Amid the vicissitudes and uncertain prospects of the world’s political and economic landscape today, global governance has likewise landed in disorder. As a leading governance platform worldwide, the G20 convened its annual leaders’ summit in Johannesburg, South Africa last weekend, underscoring the turmoil in current international affairs. Prior to the G20 summit, parties to the United Nations Framework Convention on Climate Change held their 30th convention (COP30) in Brazil, where a fortnight of negotiations on the roadmap to phase out fossil fuels proved fruitless. A notable similarity between these two major events is the gaping absence of the US.

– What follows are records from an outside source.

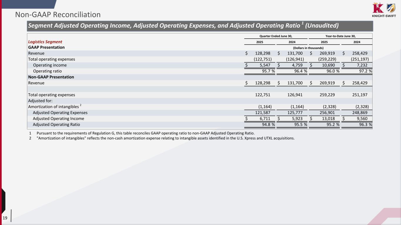 18 Segment Adjusted Operating Income, Adjusted Operating Expenses, and Adjusted Operating Ratio 1 (Unaudited) Quarter Ended June 30, Year-to-Date June 30, LTL Segment 2 2025 2024 2025 2024 GAAP Presentation (Dollars in thousands) Total revenue $ 386,854 $ 306,478 $ 739,255 $ 588,600 Total operating expenses (368,521) (273,429) (708,228) (535,264) Operating income $ 18,333 $ 33,049 $ 31,027 $ 53,336 Operating ratio 95.3 % 89.2 % 95.8 % 90.9 % Non-GAAP Presentation Total revenue $ 386,854 $ 306,478 $ 739,255 $ 588,600 Fuel surcharge (49,128) (43,383) (96,271) (84,515) Revenue, excluding fuel surcharge 337,726 263,095 642,984 504,085 Total operating expenses 368,521 273,429 708,228 535,264 Adjusted for: Fuel surcharge (49,128) (43,383) (96,271) (84,515) Amortization of intangibles 3 (5,020) (3,920) (10,047) (7,840) Adjusted Operating Expenses 314,373 226,126 601,910 442,909 Adjusted Operating Income $ 23,353 $ 36,969 $ 41,074 $ 61,176 Adjusted Operating Ratio 93.1 % 85.9 % 93.6 % 87.9 % 1 Pursuant to the requirements of Regulation G, this table reconciles GAAP operating ratio to non-GAAP Adjusted Operating Ratio. 2 Refer to Non-GAAP Reconciliation (Unaudited): Adjusted Operating Income and Adjusted Operating Ratio – footnote 2. 3 "Amortization of intangibles" reflects the non-cash amortization expense relating to intangible assets identified in the ACT, MME, and DHE acquisitions, as well as the non-cash amortization expense related to the fair value of favorable leases assumed in the DHE acquisition. Non-GAAP Reconciliation
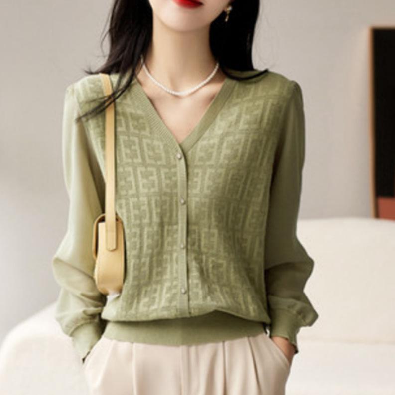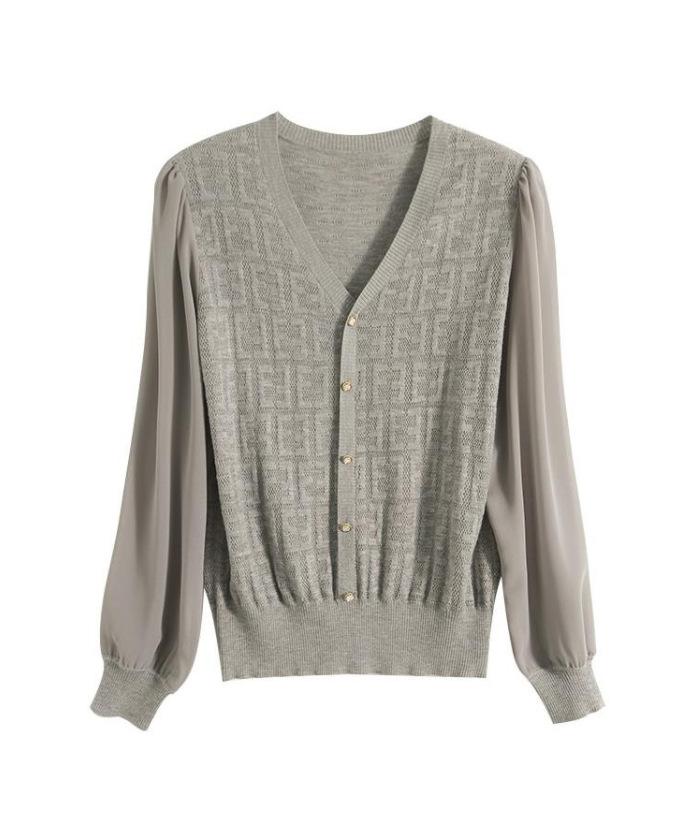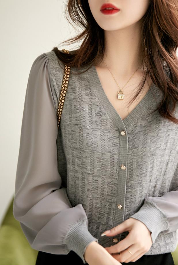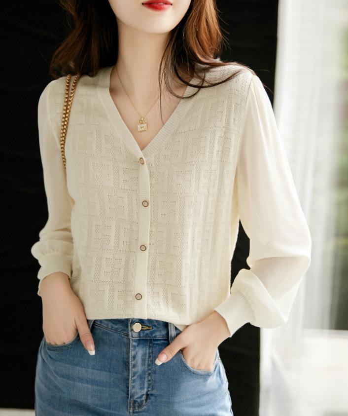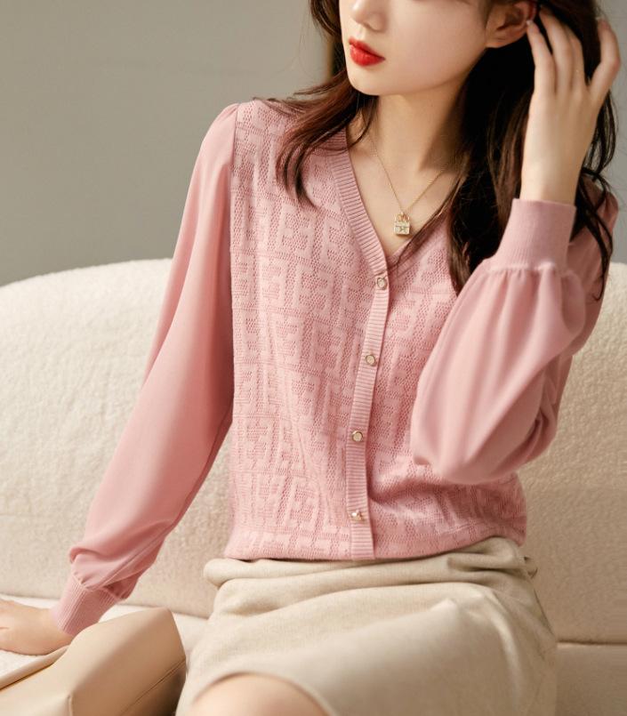 2023 primavera nuevo temperamento francés manga larga calado gasa costura cuello en V jersey tejido top camisa mujer
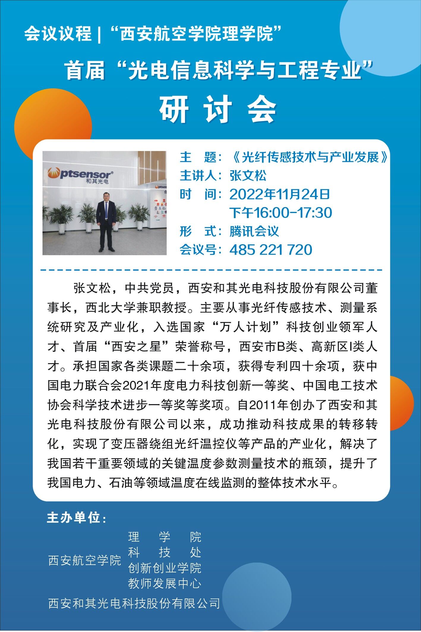 张文松简介:中共党员,西安和其光电科技股份有限公司董事长,西北大学兼职教授。主要从事光纤传感技术、测量系统研究及产业化,入选国家“万人计划”科技创业领军人才、首届“西安之星”荣誉称号,西安市B类、高新区I类人才。承担国家各类课题二十余项,获得专利四十余项,获中国电力联合会2021年度电力科技创新一等奖、中国电工技术协会科学技术进步一等奖等奖项。自2011年创办了西安和其光电科技股份有限公司以来,成功推动科技成果的转移转化,实现了变压器绕组光纤温控仪等产品的产业化,解决了我国若干重要领域的关键温度参数测量技术的瓶颈,提升了我国电力、石油等领域温度在线监测的整体技术水平。
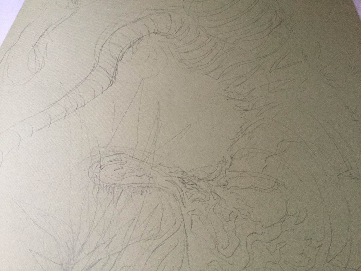 途中でボールペンのインクが無くなったので、油性ボールペンに持ち替えています。油性ボールペンを勧めるyoutube番組などあったので良くないとは思いながらお試し。色が真っ黒ではないことがとても気になる。描いているとインクがだまになるのでこまめにふき取るのは常識のようにやっているので気にならない。それと描いたところがテカる。入りと抜きにタッチを出すには油性が良いと思う。しかし、僕はそれは全く気にしていなくてむしろタッチが無い方が良くて、まぁどうしたものか。
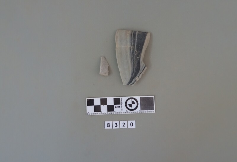 Rim sherd from bowl. Dark to red brown paint for linear decoration.
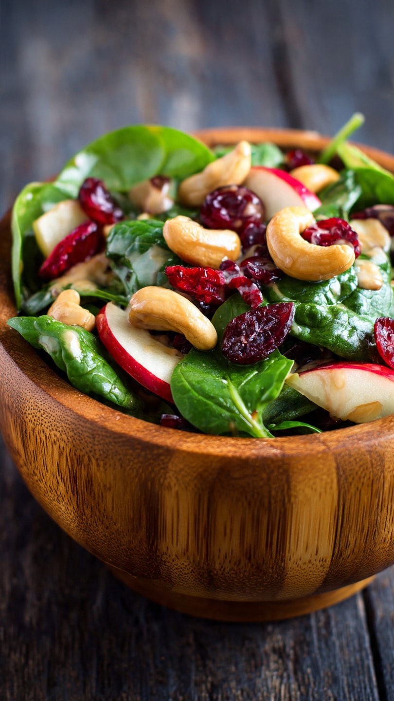 I love this recipe because it’s fresh, fast, and flexible. The tart-sweet cranberries pair beautifully with juicy apples, and the baby spinach gives it a soft, earthy base. A light vinaigrette ties it all together, making it a great option for holidays, potlucks, or a quick weekday lunch. It’s one of those salads I never get tired of—especially in the fall and winter months.
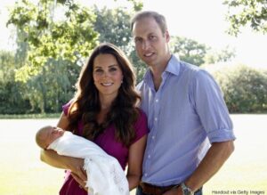 Ο Δούκας και η Δούκισσα του Κέιμπριτζ με τον νεογέννητο γιο τους, Πρίγκιπα George Alexander Louis του Κέιμπριτζ, στο Bucklebury τον Αύγουστο του 2013
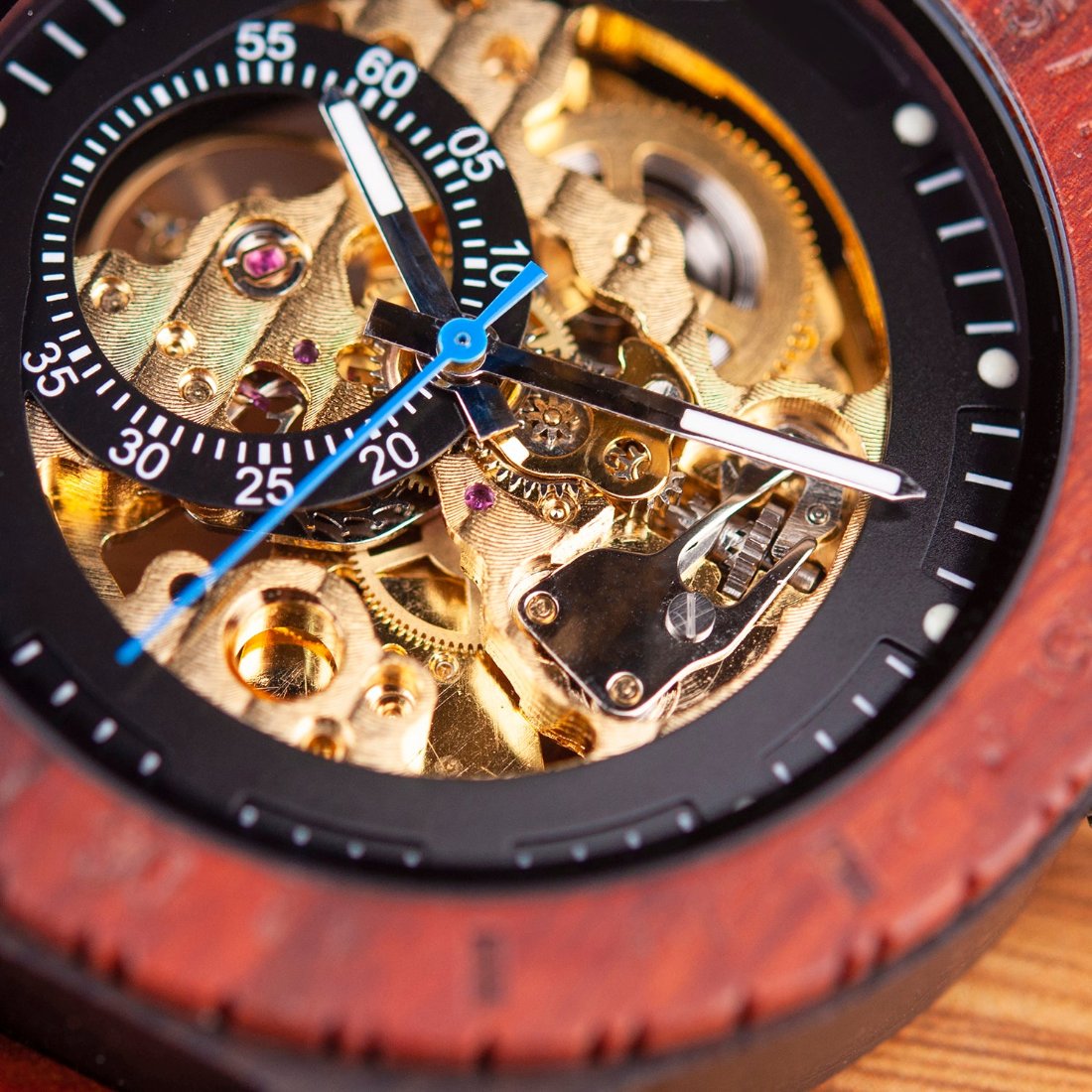 Un reloj de madera es ideal para la persona perspicaz que aprecia piezas únicas. Esta actualización moderna del estilo steampunk clásico será un tema de conversación cada vez que lo uses. Cuenta con una banda de madera ajustable que muestra su hermoso grano natural. El Mecánico funciona con un movimiento japonés de auto-viento automático, lo que elimina la necesidad de batería. Viene con un cilindro de bambú hecho a mano para guardarlo de forma segura.
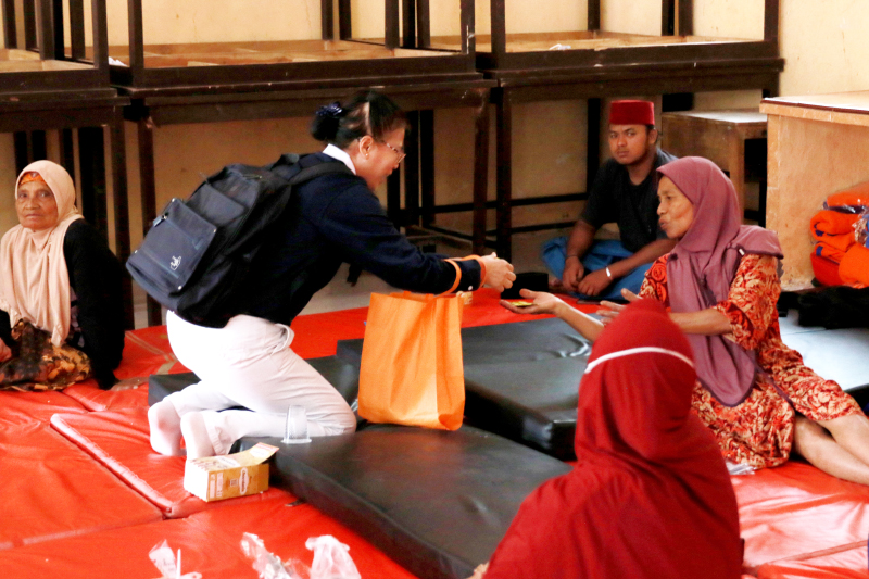 Relawan mendatangi setiap ruang kelas yang kini difungsikan sebagai kamar pengungsian bagi warga terdampak. Dengan penuh kepedulian, mereka membagikan snack serta obat herbal sambil memastikan kondisi para pengungsi.
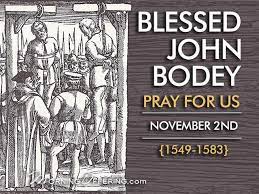 Blessed John Bodey, before he was hanged, drawn and quartered on November 2, 1583.
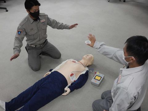 電気ショックが完了すると、「ただちに胸骨圧迫(心臓マッサージ)を開始してください」などの音声メッセージが流れますので、これに従って、ただちに胸骨圧迫を再開します。

In the aftermath of the Second World War, under the framework of the United Nations, the World Bank, the International Monetary Fund, and the General Agreement on Tariffs and Trade, the major Western powers embarked on the path to economic recovery. However, the collapse of the Bretton Woods system and the oil crisis in the early 1970s brought severe economic challenges. In 1975, the six industrialized nations of the US, the UK, France, West Germany, Italy, and Japan began meeting to discuss international economic issues. Canada joined in the following year to form the G7, which went on to dominate the global economy in the next three decades. Nevertheless, after the outbreak of the 2008 financial tsunami, as the G7 was unable to address the fallout alone, the G20 was brought in from the bench to take up the task. The G20 was founded towards the end of the last century post-Asian financial crisis, with the aim of strengthening global financial stability. Its members comprise 19 countries and the European Union, with meeting attended mainly by finance ministers and central bank governors. 2008 saw the elevation of the G20 to a meeting of leaders’ summit given its important responsibilities, cementing its role as a premier forum for key global issues spanning the economy, finance, trade, sustainable development, climate change, etc. The presidency rotates among the 19 member countries. With South Africa holding the chair this year, the first full rotation has just concluded. This milestone should have opened up an opportunity for review, assessment, and a new chapter, yet the latest summit failed to serve that purpose.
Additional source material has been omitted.